— Task requirements —
The data that follows is to be copied exactly, with each image removed.
──────── Dataset content
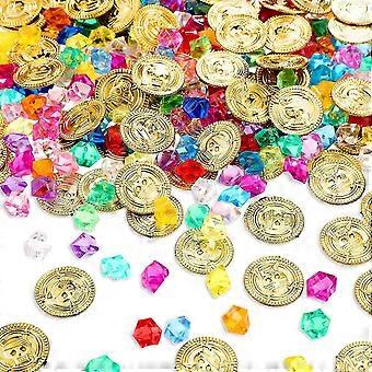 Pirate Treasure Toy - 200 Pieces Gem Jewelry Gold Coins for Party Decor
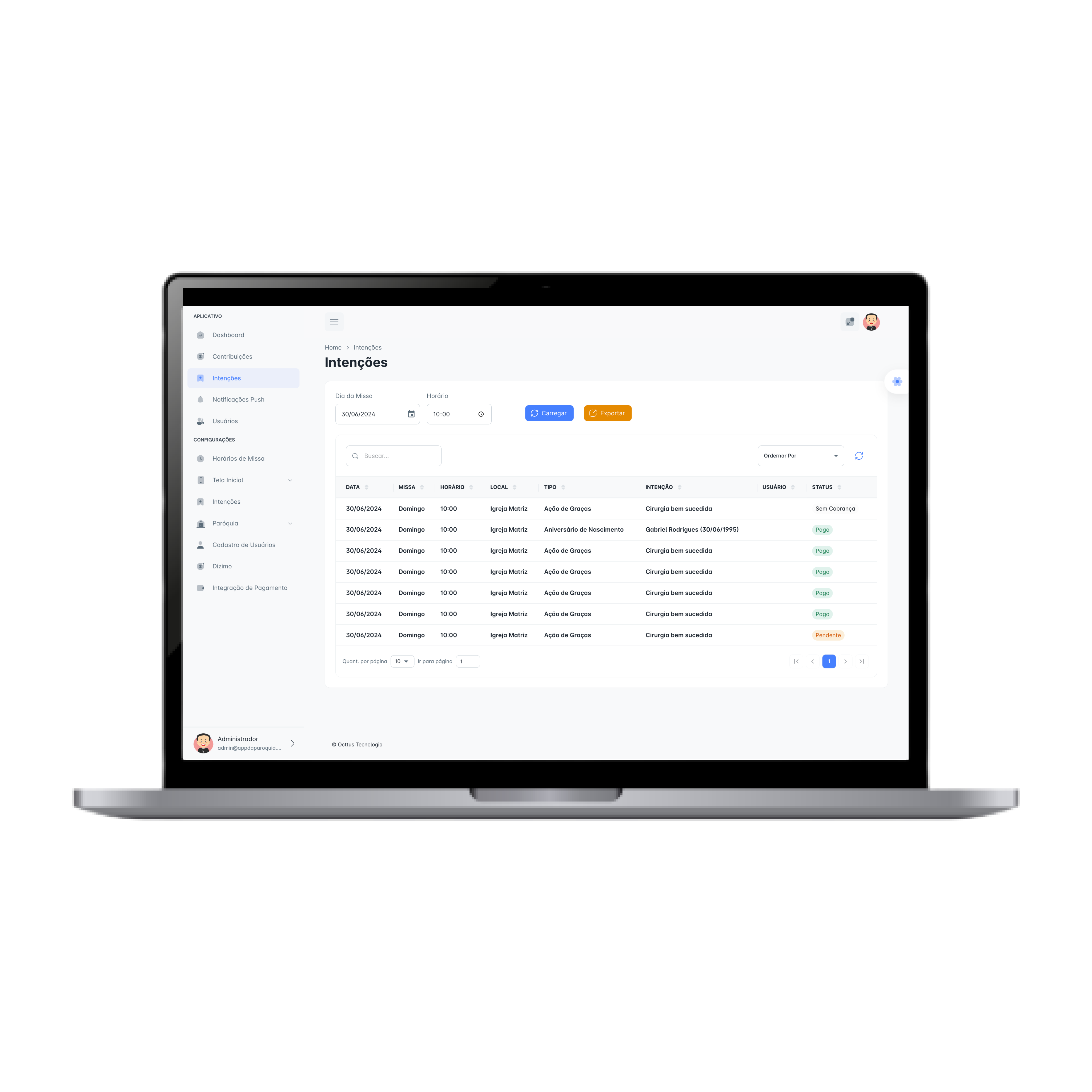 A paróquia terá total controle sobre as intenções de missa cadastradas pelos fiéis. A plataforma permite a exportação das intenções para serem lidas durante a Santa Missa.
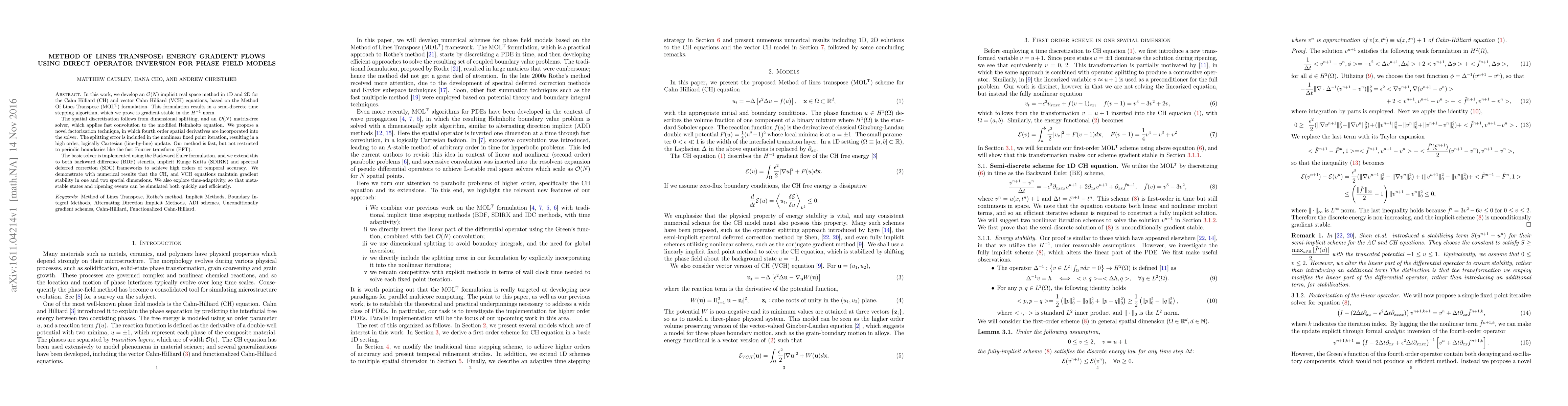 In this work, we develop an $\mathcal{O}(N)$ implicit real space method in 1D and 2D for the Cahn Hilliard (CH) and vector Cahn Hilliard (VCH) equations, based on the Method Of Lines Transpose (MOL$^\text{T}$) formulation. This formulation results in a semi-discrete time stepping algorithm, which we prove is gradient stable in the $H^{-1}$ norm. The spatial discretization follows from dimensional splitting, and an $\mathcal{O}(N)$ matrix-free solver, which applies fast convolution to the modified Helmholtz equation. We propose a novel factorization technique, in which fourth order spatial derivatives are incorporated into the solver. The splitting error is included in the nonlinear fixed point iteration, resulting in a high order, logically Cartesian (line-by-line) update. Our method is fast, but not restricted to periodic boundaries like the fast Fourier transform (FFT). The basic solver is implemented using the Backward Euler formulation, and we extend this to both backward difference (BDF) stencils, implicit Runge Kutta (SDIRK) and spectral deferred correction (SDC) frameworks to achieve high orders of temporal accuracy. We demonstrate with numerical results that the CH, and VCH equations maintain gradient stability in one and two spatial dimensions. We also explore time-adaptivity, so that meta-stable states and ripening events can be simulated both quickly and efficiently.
────────────────
— Exercise response —
 Pirate Treasure Toy - 200 Pieces Gem Jewelry Gold Coins for Party Decor
 A paróquia terá total controle sobre as intenções de missa cadastradas pelos fiéis. A plataforma permite a exportação das intenções para serem lidas durante a Santa Missa.
 In this work, we develop an $\mathcal{O}(N)$ implicit real space method in 1D and 2D for the Cahn Hilliard (CH) and vector Cahn Hilliard (VCH) equations, based on the Method Of Lines Transpose (MOL$^\text{T}$) formulation. This formulation results in a semi-discrete time stepping algorithm, which we prove is gradient stable in the $H^{-1}$ norm. The spatial discretization follows from dimensional splitting, and an $\mathcal{O}(N)$ matrix-free solver, which applies fast convolution to the modified Helmholtz equation. We propose a novel factorization technique, in which fourth order spatial derivatives are incorporated into the solver. The splitting error is included in the nonlinear fixed point iteration, resulting in a high order, logically Cartesian (line-by-line) update. Our method is fast, but not restricted to periodic boundaries like the fast Fourier transform (FFT). The basic solver is implemented using the Backward Euler formulation, and we extend this to both backward difference (BDF) stencils, implicit Runge Kutta (SDIRK) and spectral deferred correction (SDC) frameworks to achieve high orders of temporal accuracy. We demonstrate with numerical results that the CH, and VCH equations maintain gradient stability in one and two spatial dimensions. We also explore time-adaptivity, so that meta-stable states and ripening events can be simulated both quickly and efficiently.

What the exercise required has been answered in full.